Post by Shelley » Tue Jan 19, 2010 10:30 pm

WoZ, when you referred to a "hand" of pork, I pictured it a little differently. I've recently read "A Turn in the South," by V.S. Naipaul. In it, he writes about the old-fashioned way of processing tobacco: a worker takes several (about eight) flattened leaves of tobacco and ties them together at the stems, creating what is called a "hand" of tobacco. The "hand" is then hung up to cure in a special shack for the purpose. Naturally, when you said a hand of pork, all I saw was three or four thin chops, connected at one end and fanned out. "That could work," I thought.

Re: food memory

Post by Bobinwales » Wed Jan 20, 2010 10:23 am

It's a hand of bananas as well is it not? Obviously for the same reason.
Signature: All those years gone to waist!
Bob in Wales

Re: food memory

Post by Phil White » Wed Jan 20, 2010 10:10 pm

To be anoraky about it, a hand of bananas is not necessarily what you may expect.
The trade designations are
1 banana=1 finger
5 - 7 fingers=1 cluster
15 - 20 fingers=1 hand
8 - 14 hands=1 bunch (= 200 bananas)
What we get from the greengrocer as a "hand" or even a "bunch" is (for the trade) a "cluster".

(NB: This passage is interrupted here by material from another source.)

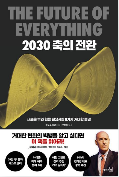 *2030 축의 전환*은 세계적인 미래학자이자 펜실베이니아대학교 와튼스쿨 교수인 마우로 기옌(Mauro F. Guillén)이 집필한 미래 전망서로, 다가올 2030년을 기점으로 전 세계적으로 일어날 경제, 사회, 기술, 인구 구조의 변화에 대해 심층적으로 분석한 책입니다. 그는 미래를 예측하는 가장 확실한 방법은 지금 일어나고 있는 ‘지속적인 변화’를 관찰하고 연결하는 것이라며, 기존의 틀을 벗어나야만 새로운 기회를 잡을 수 있다고 강조합니다. 이 책은 변화의 물결 속에서 개인과 기업, 사회가 어떤 준비를 해야 할지 통찰력 있는 방향을 제시해 줍니다.
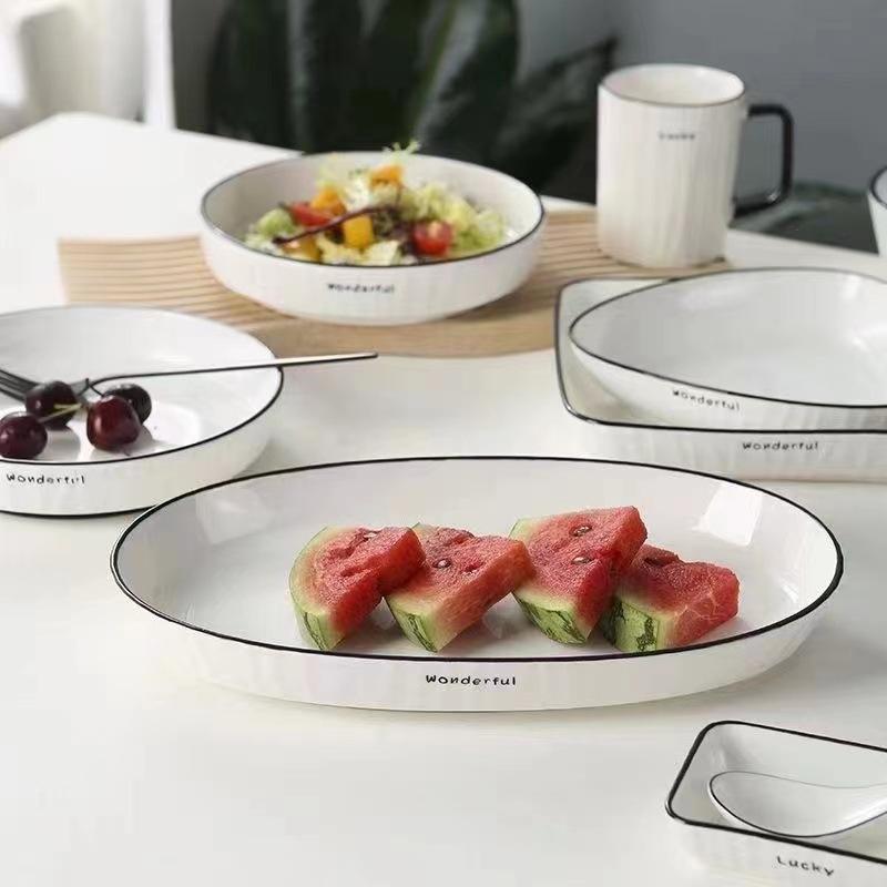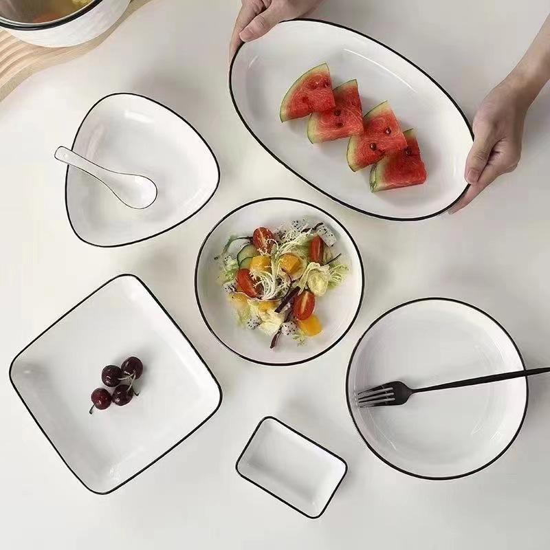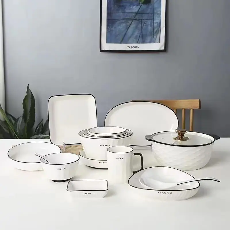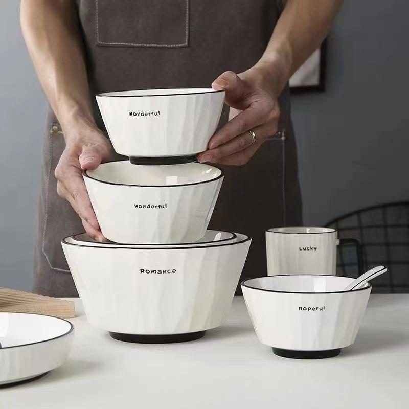 Compra Juego Completo de Plato y Tazón de Cerámica Serie Negra Tazón para Arroz Hogar Nivel Alto Estilo Nórdico Lujo Ligero Valor de Color Vajilla al por mayor en Joom.pro

I'm not sure I would want to go to my greengrocer and ask her for "two fingers". She would possibly give me them.

For that little gem of information and more than you may ever care to know about bananas, including the risk of spontaneous combustion:

My god! the crap you have to know/learn as a translator!
Signature: Phil White
Non sum felix lepus

Re: food memory

Post by Shelley » Thu Jan 21, 2010 7:55 pm

Phil White wrote:I'm not sure I would want to go to my greengrocer and ask her for "two fingers".
You could go to your bartender and ask her for "two fingers" of whatever you happen to be drinking that day and be very happy with the result!

Re: food memory

Post by trolley » Thu Jan 21, 2010 9:53 pm

We measured something else in high school by how many fingers it was, too. A finger in a baggie was about 1/4 ounce.

Re: food memory

Post by Lanfear » Fri Feb 19, 2010 1:25 pm

I always associate tangerines with childhood Christmases, as I got them in my stocking. We couldn't usually afford them at the time.

Re: food memory

Post by Edwin F Ashworth » Tue Feb 23, 2010 5:15 pm

It is well known that the sense of smell is the one most evocative of memories, the centres involved being close together in the brain.
I tried to post this in that subtle font "Cow-Spots" but apparently the Website hasn't got the required import licence.
And I really think that Phil, as an educator, should stick to the SI units for bananas.